◆ **The problem**: Your answer should be the records again, unchanged in wording and free of images.
*** Extracted records ***
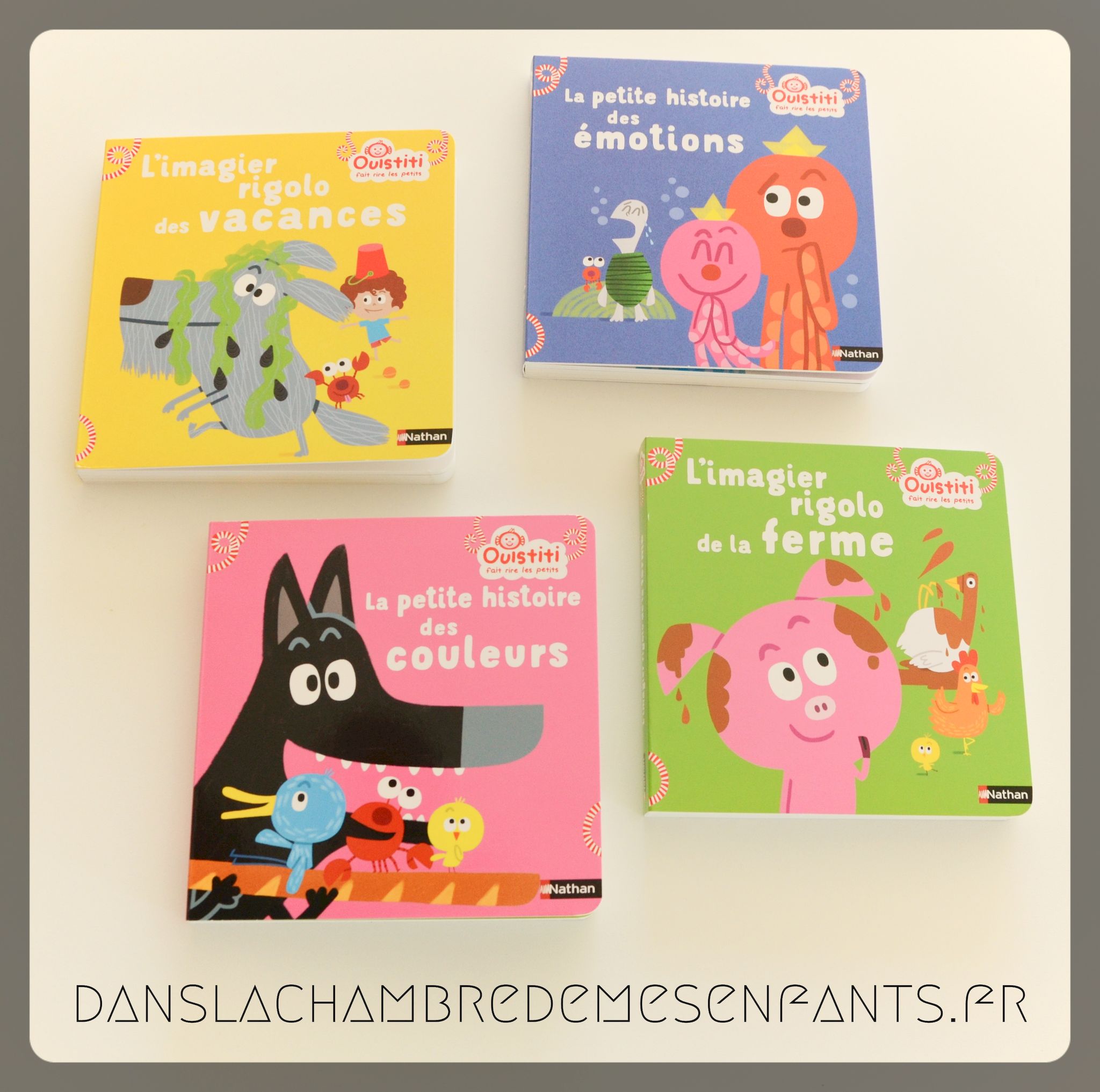 « L’imagier rigolo des vacances » – « La petit histoire des émotions » – « La petite histoire des couleurs » – « L’imagier rigolo de la ferme » (Ouistiti fait rire les petits)
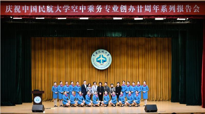 3月29日下午,空中乘务专业创办廿周年系列活动暨首场报告会在学校礼堂隆重举行,中国航空运输协会理事长助理兼客舱乘务委员会主任冯润娥、我校杰出校友、原国航股份副总裁、原南航集团副总经理杨丽华做专题报告,报告会由乘务学院党委书记刘冰主持,学院教师、空中乘务专业学生共700余人聆听报告。
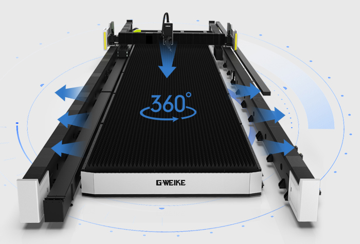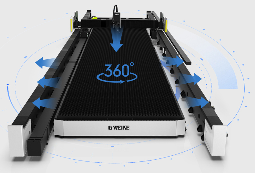 模塊化床身實現長度按需定制,床身與工作臺分體式設計,大截面矩形管材焊接、退火處理后精加工,穩定可靠便于運輸
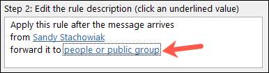 Controleer in de voorwaarde van de Regelwizard (stap 1), controleer het vakje voor verzonden naar [uw e-mailadres]. Dit past de regel toe op alle e-mails die naar dat adres zijn verzonden. Ga vervolgens verder met de rest van het regelinstellingenproces om de e-mails door te sturen.
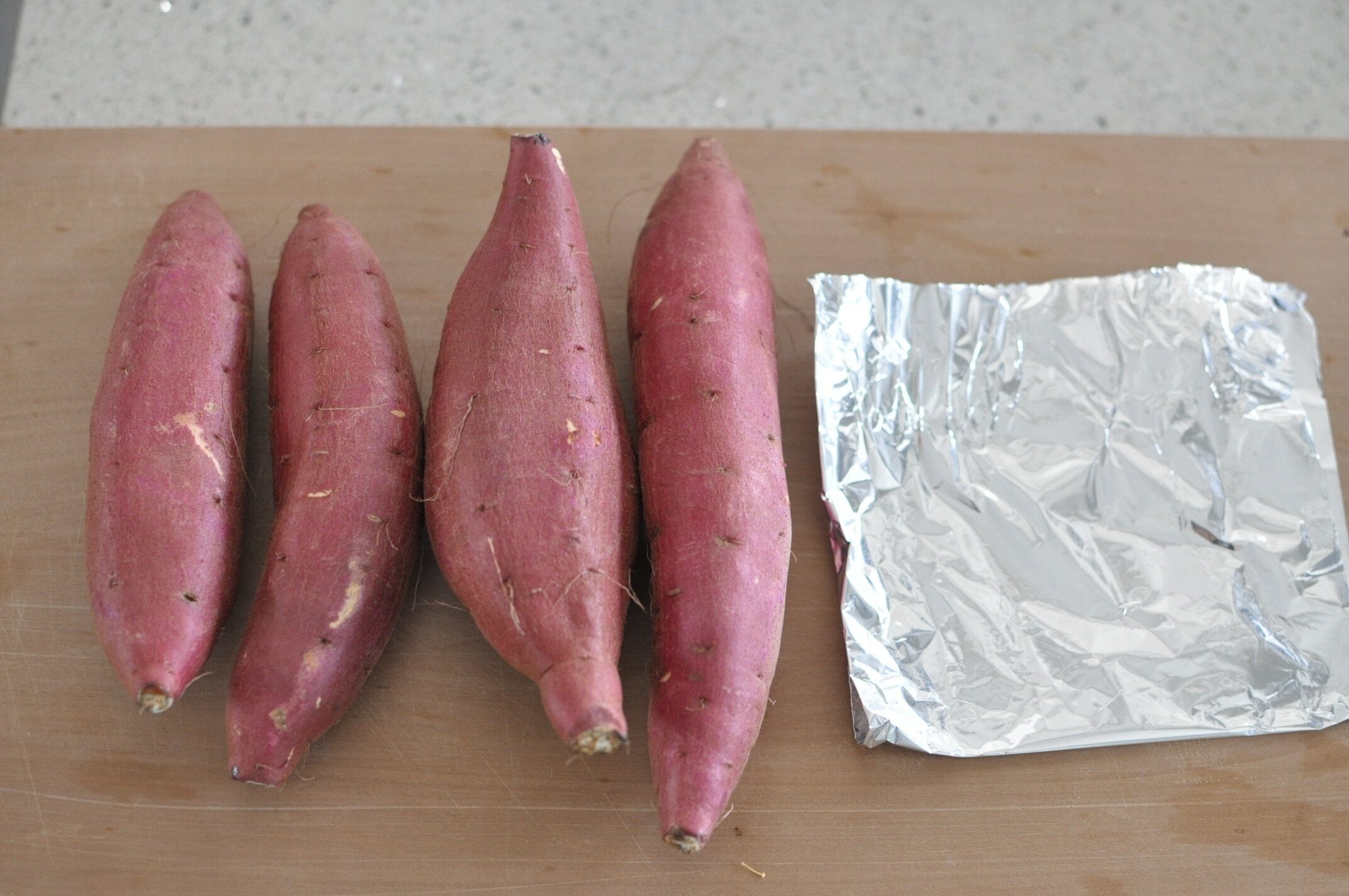 特別甘い品種でなくても大丈夫。今回は1本200gほどの中サイズ4本を焼きます。
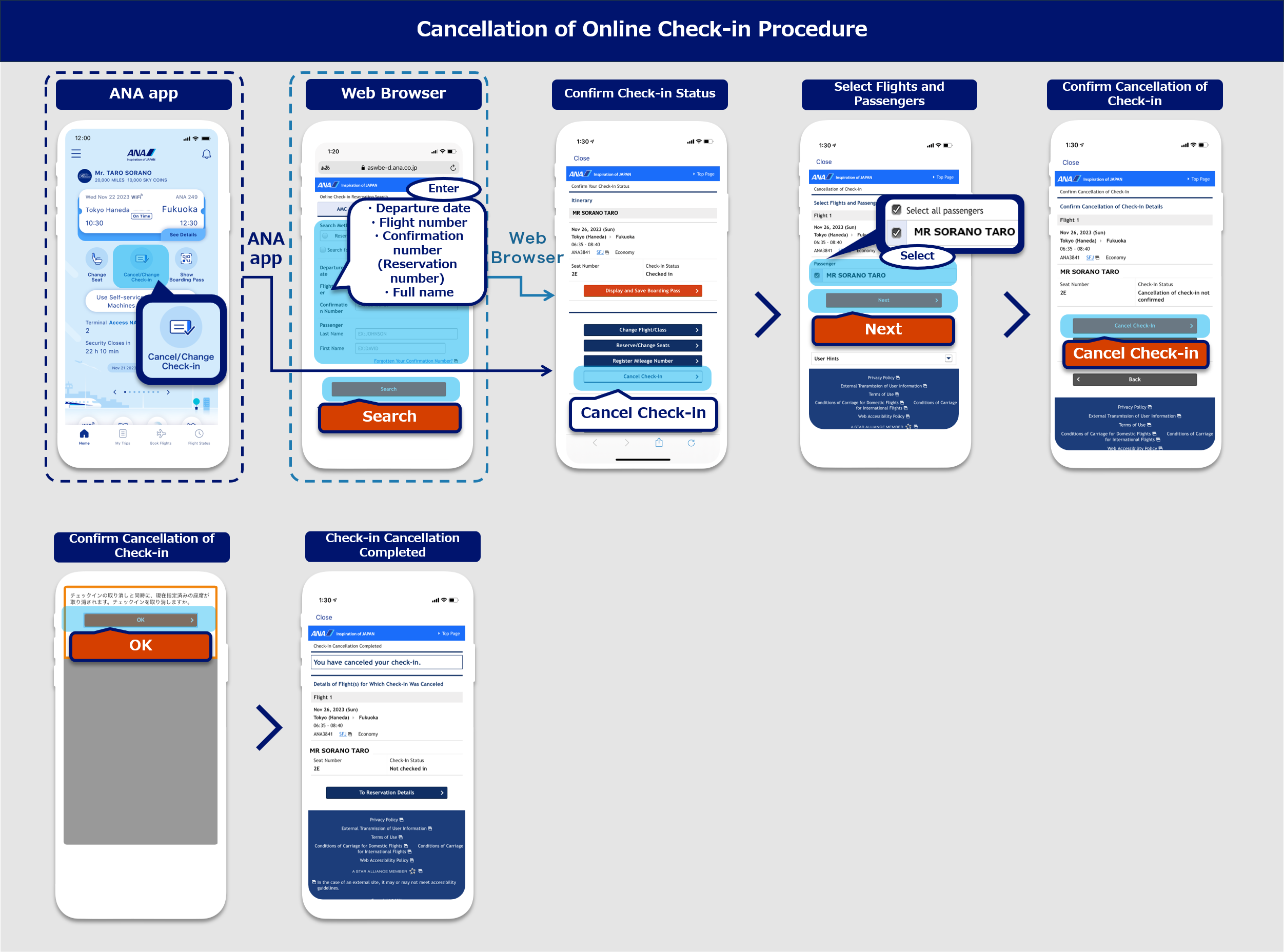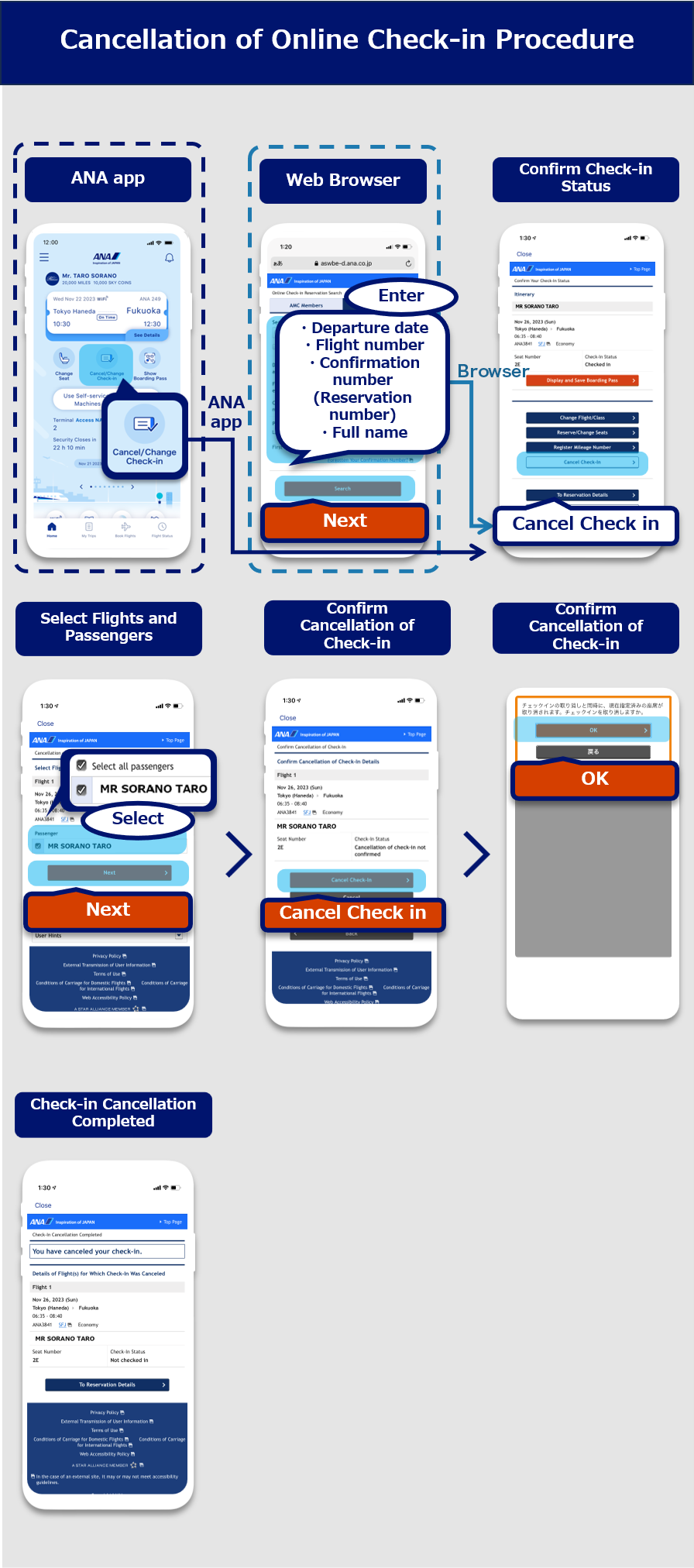 Cancellation is also possible after completing online check-in. Please see “Cancellation of online check-in” below for instructions.
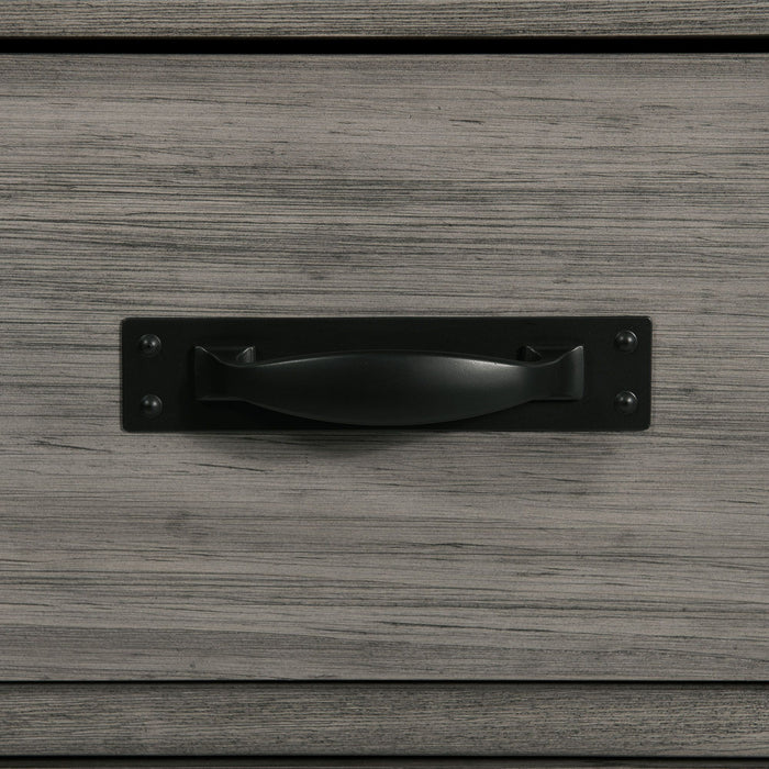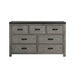 The Wade 7-Drawer Dresser is the ultimate dresser for your home! This bedroom staple comes with seven, spacious drawers; perfect for easily keeping all of your belongings neatly stored away. The bottom drawer features a dust proofing layer to help protect your belongings. The drawer pulls and trims along the top of the chest are both metals with a black finish. Along with the trim on the dresser are decorative bolts, adding a little extra flair. This dresser is finished in a neutral gray, making it easy to pair with any existing decor or to find an excuse to completely redo your bedroom. Please note wood grains vary piece by piece and will not look exactly like the picture.GC0528
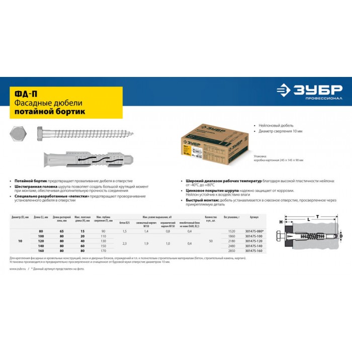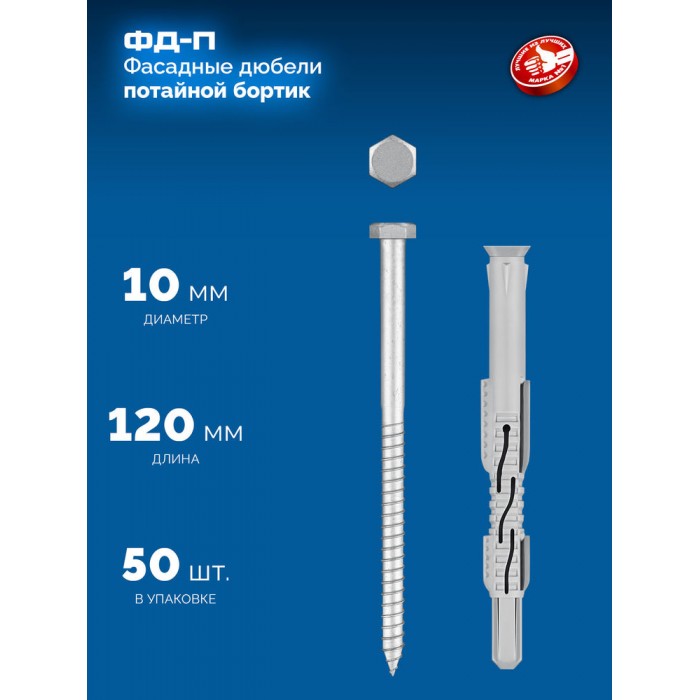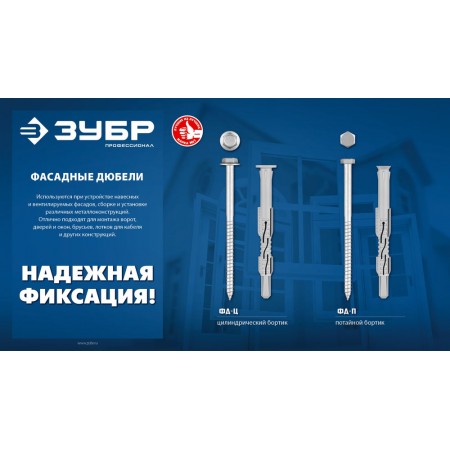 Дюбель фасадный ФД-П 10 x 120 мм, нейлон/цинк, 50 шт ЗУБР 301475-120
*** End of Extracted records ***
◆ **Exercise output**:
 « L’imagier rigolo des vacances » – « La petit histoire des émotions » – « La petite histoire des couleurs » – « L’imagier rigolo de la ferme » (Ouistiti fait rire les petits)
 3月29日下午,空中乘务专业创办廿周年系列活动暨首场报告会在学校礼堂隆重举行,中国航空运输协会理事长助理兼客舱乘务委员会主任冯润娥、我校杰出校友、原国航股份副总裁、原南航集团副总经理杨丽华做专题报告,报告会由乘务学院党委书记刘冰主持,学院教师、空中乘务专业学生共700余人聆听报告。
 模塊化床身實現長度按需定制,床身與工作臺分體式設計,大截面矩形管材焊接、退火處理后精加工,穩定可靠便于運輸
 Controleer in de voorwaarde van de Regelwizard (stap 1), controleer het vakje voor verzonden naar [uw e-mailadres]. Dit past de regel toe op alle e-mails die naar dat adres zijn verzonden. Ga vervolgens verder met de rest van het regelinstellingenproces om de e-mails door te sturen.
 特別甘い品種でなくても大丈夫。今回は1本200gほどの中サイズ4本を焼きます。
 Cancellation is also possible after completing online check-in. Please see “Cancellation of online check-in” below for instructions.
 The Wade 7-Drawer Dresser is the ultimate dresser for your home! This bedroom staple comes with seven, spacious drawers; perfect for easily keeping all of your belongings neatly stored away. The bottom drawer features a dust proofing layer to help protect your belongings. The drawer pulls and trims along the top of the chest are both metals with a black finish. Along with the trim on the dresser are decorative bolts, adding a little extra flair. This dresser is finished in a neutral gray, making it easy to pair with any existing decor or to find an excuse to completely redo your bedroom. Please note wood grains vary piece by piece and will not look exactly like the picture.GC0528
 Дюбель фасадный ФД-П 10 x 120 мм, нейлон/цинк, 50 шт ЗУБР 301475-120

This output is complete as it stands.